I would think that Brentano, Merleau-Ponty and Kant are mandatory. Likely choices, depending on exactly how broadly you construe "consciousness", are Piaget, Kohler, and Vygotsky.

Gyan

What does 'consciousness' include?
Are we talking about only those specific individuals that dealt with consciousness as an emergence of the brain, and thus implicitly with consciousness as a privileged phenomena --OR-- is the application of the term broad, to the nature of consciousness as a primary arising?
If the latter case, I would argue that many Hindu/Buddhist philosophers qualify, starting with Siddartha Gautama.

jennifer

should it be assumed that we aren't talking only about a particular concept of consciousness, or tracing the development or evolution of a particular concept of consciousness?

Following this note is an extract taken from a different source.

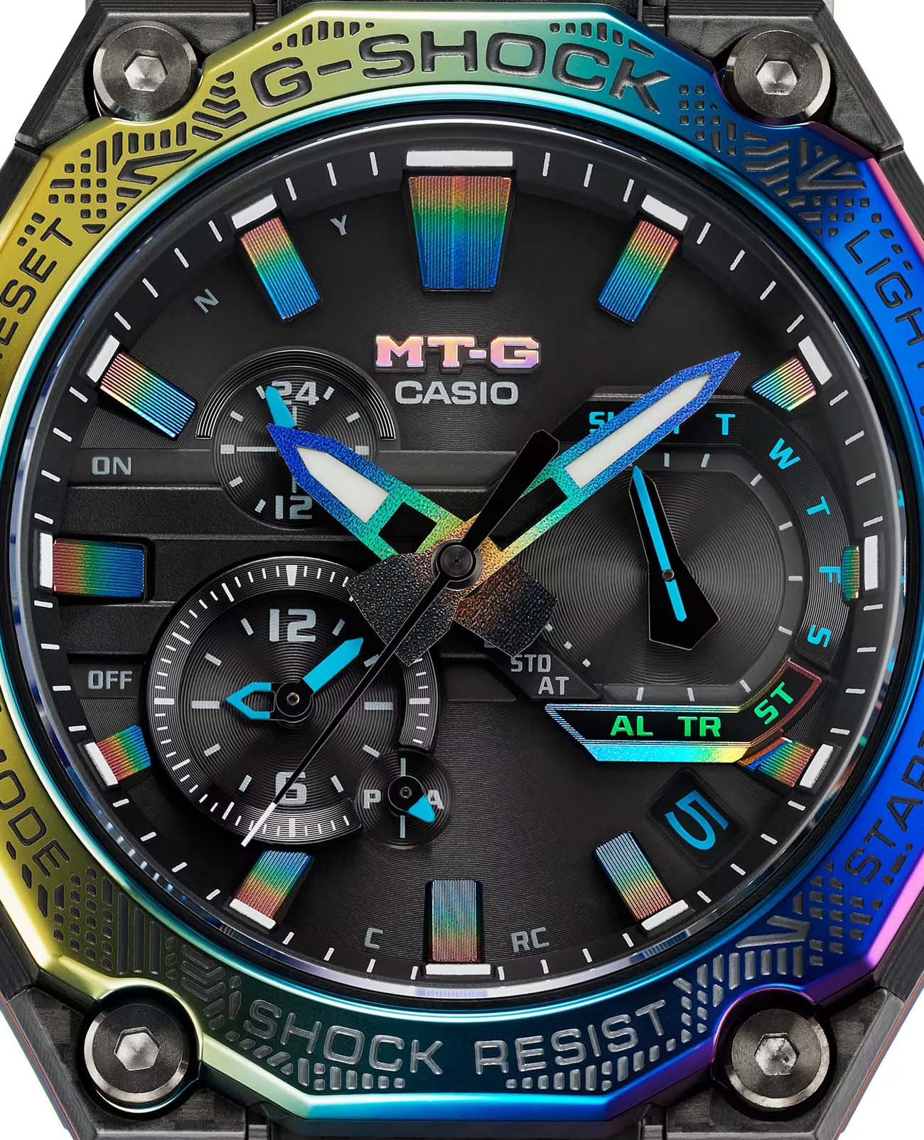 Поколение премиальной стальной серии G-Shock MTG в черном карбоново-стальном корпусе с красными деталями циферблата.

George Berkeley and G.W.F. Hegel and Sartre

Anthony

How about Alan Turing and B.F. Skinner? I realize they are specifically not talking about consciousness as others do, but they are at least as important as the people on that list (if not more so) in giving us the tools to talk about consciousness intelligently.

BickByro

"...relevant figures include philosophers, psychologists, neuroscientists, and others..."

Could any "no longer living" neuroscientists possibly be among the top 20-25 major deceased contributors to the study of consciousness?

djc

In the list above, Penfield, Crick, and Sperry are all neuroscientists of one sort or another. Charles Sherrington is a plausible candidate from an earlier era, and I can imagine people making a case for Ramon y Cajal or Paul Broca or Hughlings Jackson (though probably none of these three focused enough on consciousness to make the top 25). Other neuroscientists?

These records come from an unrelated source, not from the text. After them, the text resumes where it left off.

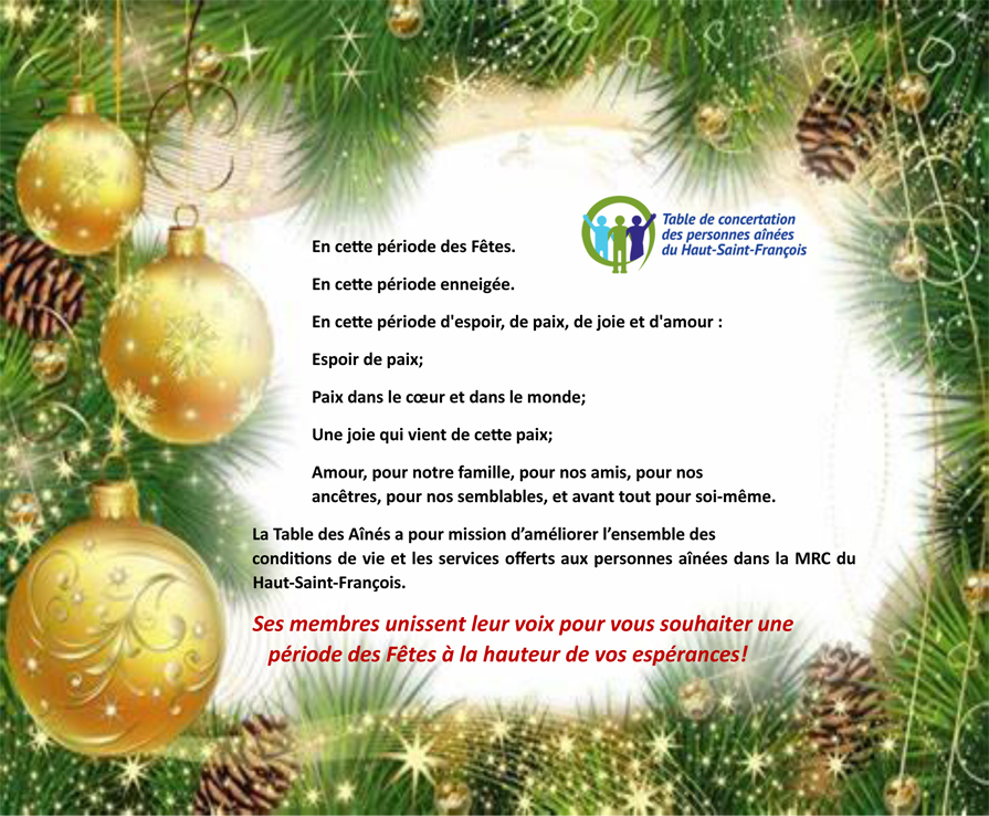 Joyeuses fêtes de la part de la Table de concertation des personnes aînées du Haut-Saint-François!
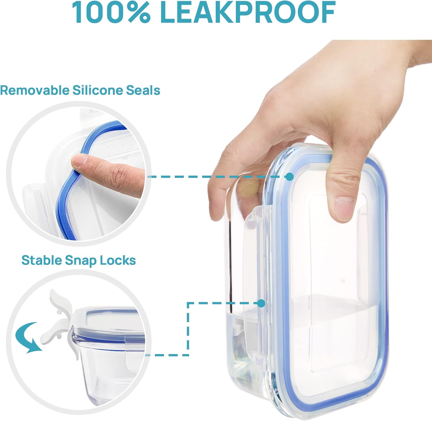 - 【100% Leak Proof Airtight Lid】Glass food containers is designed with removable silicone seals and 4-hinge snap locks to ensure zero leaking or spilling, which also prevent smell go out and keep food fresh.
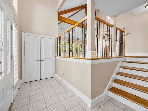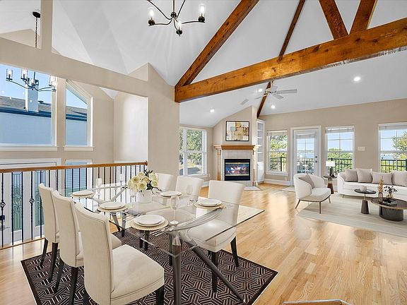 Bright open floor planWalls of windowsBeautiful beamed ceilingLush landscapingBreakfast bar
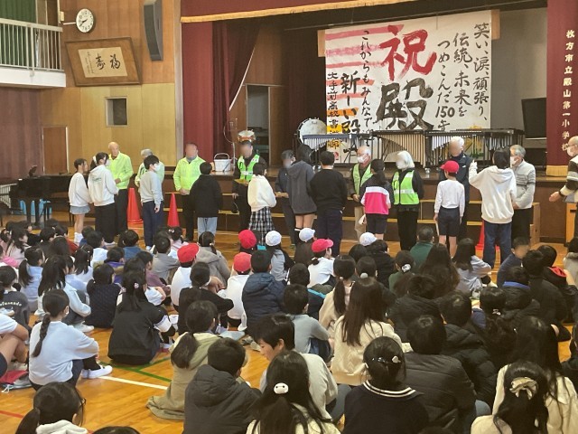 登校時や授業中に安全を見守っていただいている地域の方にお越しいただき、感謝の会を実施しました。子どもたちからお手紙を渡して、気持ちを伝えました。
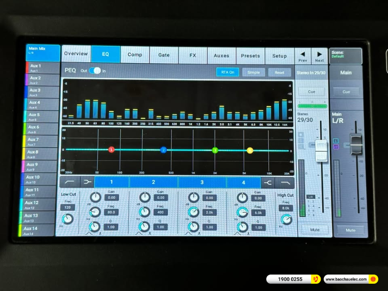 Mỗi kênh đầu vào trên QSC TouchMix-30 Pro được tích hợp EQ tham số 4 băng (4-band Parametric EQ), bộ lọc cắt tần cao thấp (HPF/LPF), cùng Compressor và Gate giúp kiểm soát âm thanh chi tiết. Ngoài ra, mixer còn hỗ trợ Delay điều chỉnh lên đến 100ms cho từng kênh. Ở đầu ra, thiết bị cung cấp EQ đồ họa 1/3 octave, EQ tham số 6 băng, Compressor/Limiter và bộ chống hú 12 băng, đảm bảo âm thanh cân bằng, rõ nét, không méo và dễ kiểm soát trong mọi không gian.
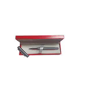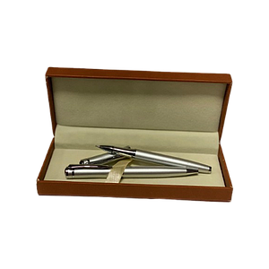 Stylo bille, métal brossé, recharge bleue pointe moyenne, Coffret cadeau
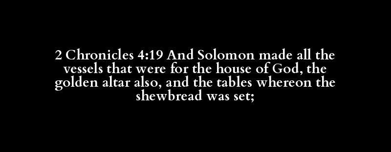 2 Chronicles 4:19 And Solomon made all the vessels that were for the house of God, the golden altar also, and the tables whereon the shewbread was set;
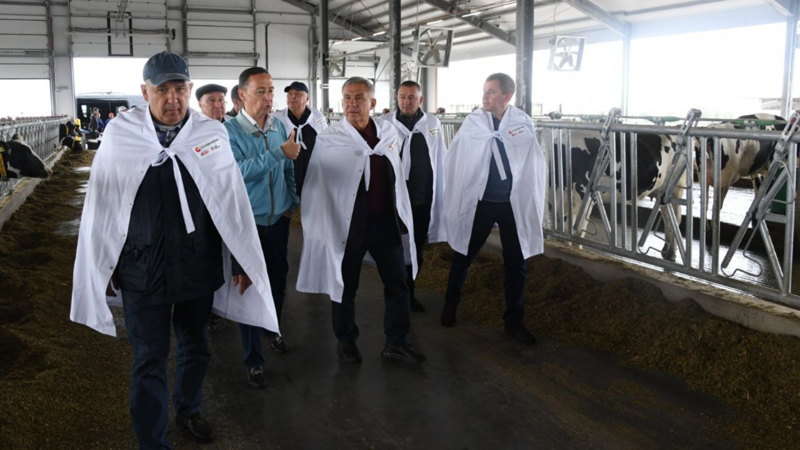 During his visit, the Head of the Republic visited the Kamsky Bacon dairy complex. The company cultivates 16,400 hectares of arable land in the Menzelinsky District. The main area is used forage to provide the livestock with high-tech feed. As of the end of August, 73,200 tons of feed had been harvested.
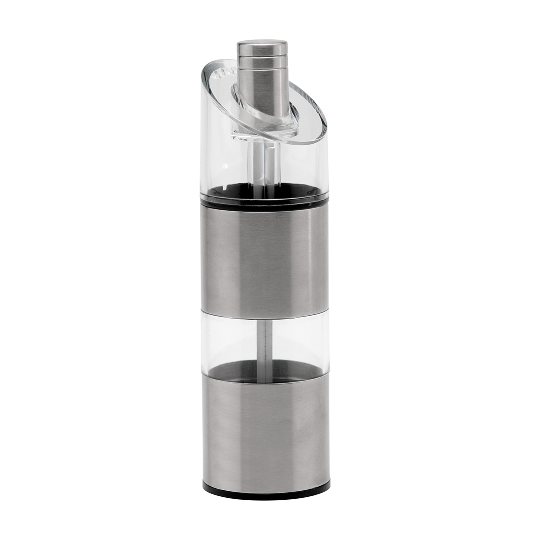 - Gudrs 2-in-1 dizains: Viens rīks veic divas funkcijas, tādējādi ietaupot vietu uz jūsu galda vai virtuves virsmas. Caurspīdīgais akrila korpuss ļauj vienmēr redzēt, cik daudz sāls un piparu ir palicis.

Since we're not getting a whole lot of suggestions, here's a second ten to go along with the ten I suggested above: Immanuel Kant, Hermann von Helmholtz, Ernst Mach, Edward Bradford Titchener, Carl Gustav Jung, Charles Sherrington, Wolfgang Kohler, Ludwig Wittgenstein, Maurice Merleau-Ponty, Francisco Varela. Call that a tentative top 20. I guess it includes six philosophers, four neuroscientists, and around eight psychologists (with Mach and Varela hard to classify).

Philosophers on the edge include Leibniz, Spinoza, Locke, Berkeley, Hume, Russell, Whitehead, Broad, and Sartre -- all contenders for the top 25, but hard to decide just which to include. Then there are 20th-century psychologists such as Wertheimer, Koffka, Lashley, and plenty of others I'm sure I'm overlooking -- suggestions for other psychologists are particularly welcome. It would be nice to include some figures from Eastern traditions, but I don't have the expertise to know who's most deserving.

Kent Gustavsson

Someone from the phenomenological tradition should certainly be on the list. But I would choose Husserl before Merleau-Ponty (and Sartre).

Joseph Jedwab

John C Eccles

jennifer

I guess choosing the last few among philosophers would be difficult. I might go for most unique or interesting, most historically influential, most widely read, most likely right, and most difficult to believe.

kit

For eastern philosophy first and foremost is Siddartha Gautama. I just can't think any other single person from Asia having more influence in both western and Asian philosophies of mind/consciousness. For example Varela and Blackmore have clearly been influenced by Buddhism. For some reasons it seems that westeners try to avoid mentioning Asian orgins of their thinking.

Gautama and his successors were first (that I know of) to introduce ground breaking ideas as: humans having no permanent soul or self-substance, mind as a process, unconsciousness, conditioning/addiction as major reason for human behavior.

Abhidhamma texts and their commentaries can be still relevant to modern consciousness studies. For example in future it might be possible to experimentally test first person claims that consciousness is fundamentally stream of small discrete thought-moments (cittas).

Andrés Eugui

What about Alexander Luria?

Brendan

Hobbes: I am told that he was a "mechanist", though I do not know how much his views influenced people.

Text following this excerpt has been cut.